Booth Id:
BMED053
Category:
Biomedical and Health Sciences
Year:
2021
Finalist Names:
Pahlavan, Natalia (School: Jericho High School)
Abstract:
Cancer is the cause of every sixth death globally with inadequate screening attributing to 40,000 deaths in the U.S. annually. An alternative to current genetic mutation screening efforts is Oxford Nanopore Technologies’ (ONT’s) portable MinION device, which conducts low-cost, real-time sequencing of nucleic acids. ONT’s NA12878 human reference was mapped against a Zymo microbial standard using Mappy library in C programming language; Minimap2 produced a concerning error rate of ~3%, which, when compared to the human genome, equates to 96,000,000 incorrectly called base pairs. This research aims to 1) discern ONT’s variant calling pipeline 2) elucidate Phred quality scores between aligned and misaligned reads and 3) develop a machine learning algorithm, AcuRe, to classify numerical scores associated with read alignment accuracy.
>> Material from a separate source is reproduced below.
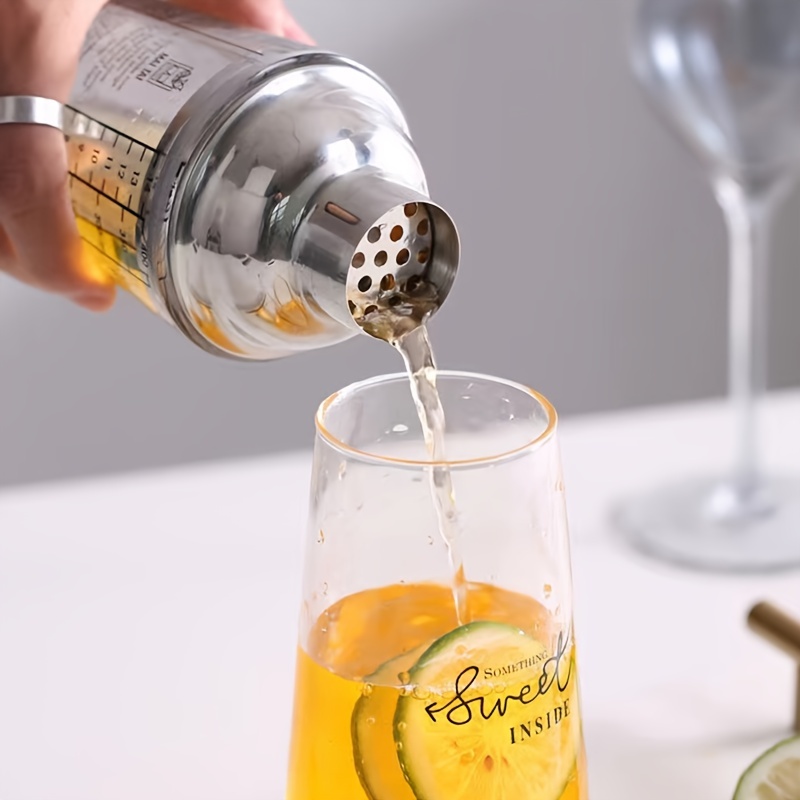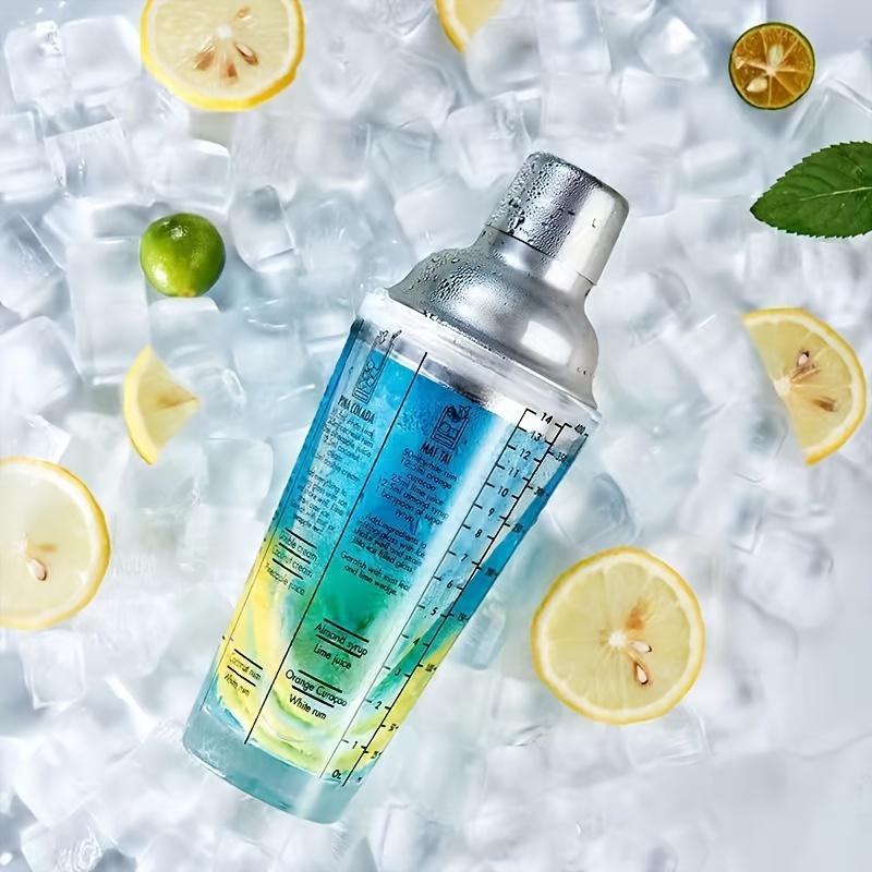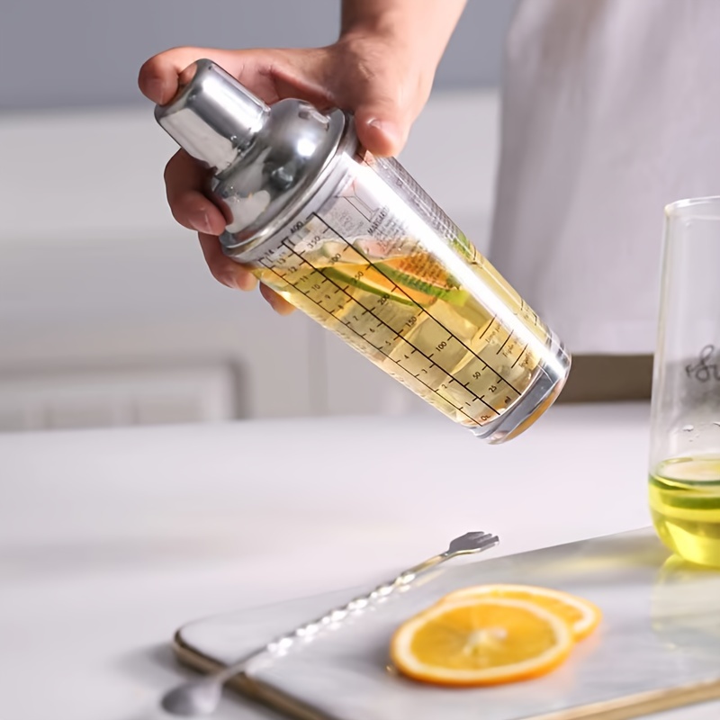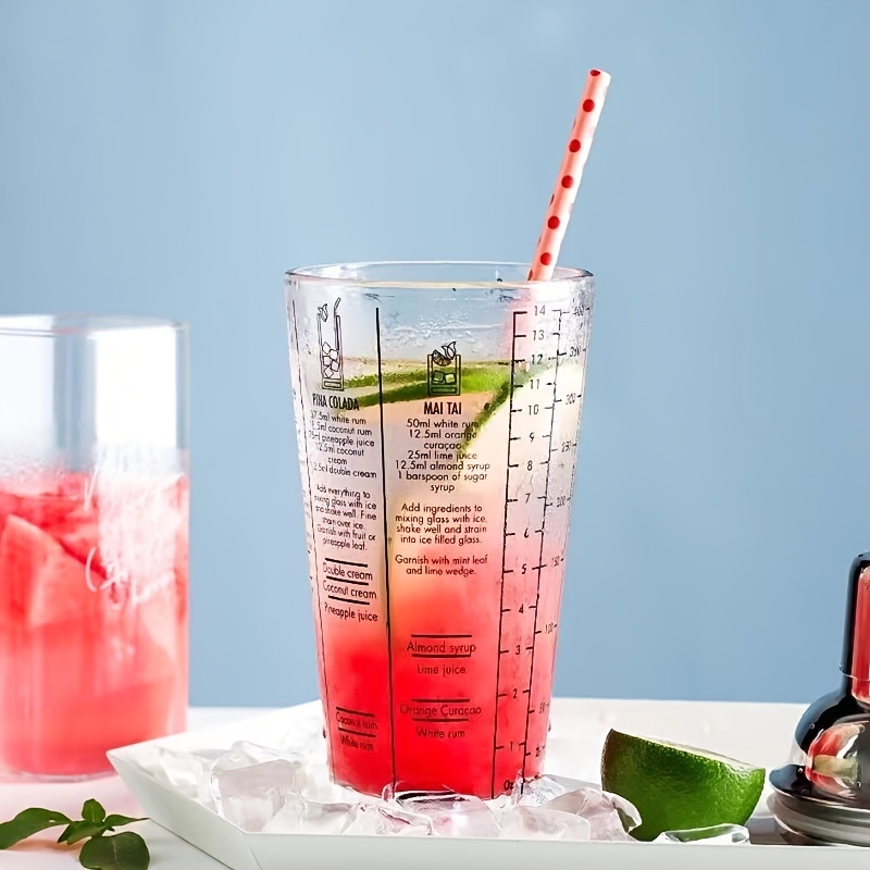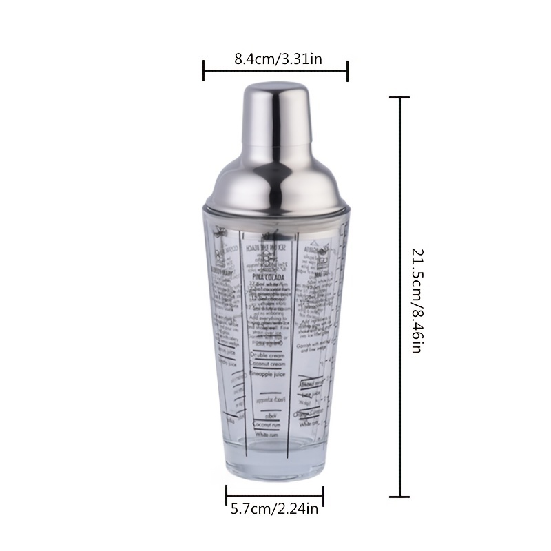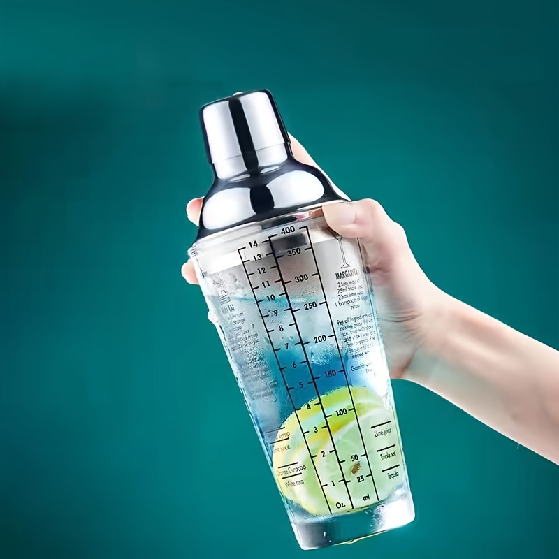 Convenient size: 400ml/14oz capacity for making one cocktail at a timeHigh-quality material: made of durable glass that is easy to clean and won't affect the taste of your drinksProfessional-grade: comes with a scale for accurate measurements, perfect for beginner bartenders or home mixologistsVersatile: can be used for making a variety of cocktails, from classic martinis to creative mixed drinksComplete set: includes a glass cup for serving and a lid for shaking, making it a great addition to any barware collection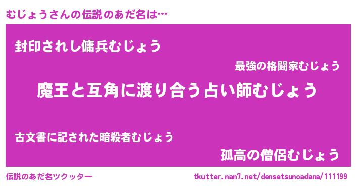 | 女子向けラノベタイトル風あだ名 | 『むじょう恋絵巻』『闇のむじょう』 |

Quality scores were extracted from FASTQ files using Python and the first 100 noisy base pairs were trimmed for preprocessing; the quality scores demonstrated 35% of misaligned reads obtained a score of 5, whereas 27% of aligned reads obtained a score of 10. Quality scores were used to conduct a K-Nearest Neighbors (KNN) and Support Vector Machine (SVM) classifier as AcuRe produces an accuracy of 95% and 88% for the SVM and KNN, respectively. Therefore, Minimap2’s erroneously aligned reads were reduced by 20x, which increases the accuracy for downstream tools as only correctly aligned reads from AcuRe are processed for follow-up softwares. AcuRe is a free mutation detection software that can be applied to genetic disorders, reducing the $13 billion spent in the U.S. annually.